Sep 22 14:49:37 192.168.1.209 ALERT stg: STG 1, topology change detected
Sep 22 14:49:47 192.168.1.209 NOTICE link: link down on port 61
Sep 22 14:50:03 192.168.1.209 NOTICE link: link up on port 61
Sep 22 14:50:33 192.168.1.209 ALERT stg: STG 1, topology change detected
Sep 22 14:51:33 192.168.1.209 NOTICE link: link down on port 61
Sep 22 14:51:49 192.168.1.209 NOTICE link: link up on port 61
Sep 22 14:52:19 192.168.1.209 ALERT stg: STG 1, topology change detected
Sep 22 14:59:28 192.168.1.209 NOTICE link: link down on port 61
Sep 22 14:59:29 192.168.1.209 WARNING system: 1m QDAC removed at port 61

[At this point, I moved the cable to port 49 to see if the problem was with the port itself]

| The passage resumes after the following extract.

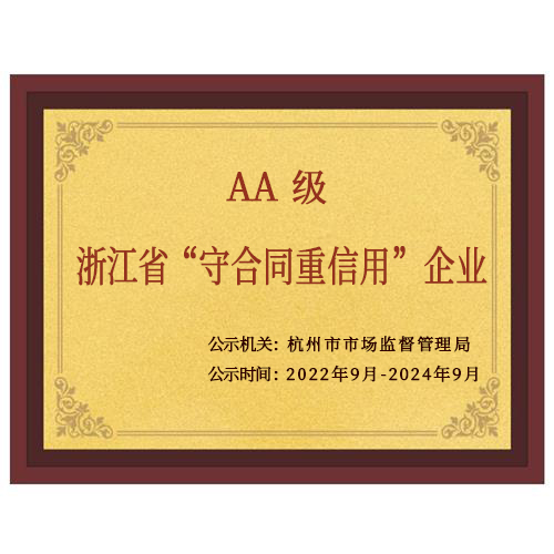 公司在2022年“守合同重信用”評比中,憑借良好的誠信經(jīng)營記錄和合同履約能力,經(jīng)過杭州市市場監(jiān)督管理局審核,榮獲浙江省AA級“守合同重信用”企業(yè)榮譽(yù)稱號。

Sep 22 14:59:37 192.168.1.209 NOTICE system: 1m QDAC inserted at port 49 is Accepted
Sep 22 14:59:52 192.168.1.209 NOTICE link: link up on port 49
Sep 22 15:00:22 192.168.1.209 ALERT stg: STG 1, topology change detected
Sep 22 15:16:04 192.168.1.209 NOTICE link: link down on port 49
Sep 22 15:16:21 192.168.1.209 NOTICE link: link up on port 49
Sep 22 15:49:30 192.168.1.209 ALERT stg: STG 1, topology change detected
Sep 22 16:01:08 192.168.1.209 NOTICE link: link down on port 49

[Here I decided to test both another port *and* another cable, just to rule that out.]

Sep 22 16:01:20 192.168.1.209 WARNING system: 1m QDAC removed at port 49
Sep 22 16:01:31 192.168.1.209 NOTICE system: 2m QDAC inserted at port 9 is Accepted
Sep 22 16:01:46 192.168.1.209 NOTICE link: link up on port 9
Sep 22 16:02:16 192.168.1.209 ALERT stg: STG 1, topology change detected
Sep 22 16:02:39 192.168.1.209 NOTICE link: link down on port 9
Sep 22 16:02:55 192.168.1.209 NOTICE link: link up on port 9
Sep 22 16:03:24 192.168.1.209 ALERT stg: STG 1, topology change detected

The dropped connections are only happening when actual data is flowing through the switch. We're not seeing this on the Windows workstation (Mellanox ConnectX3-VPI card) that we're doing the tests with. Our tests involve reading/writing test files on a shared volume on the FreeNAS box, so both the Windows and FreeNAS boxes are handling the same amount of data on the network.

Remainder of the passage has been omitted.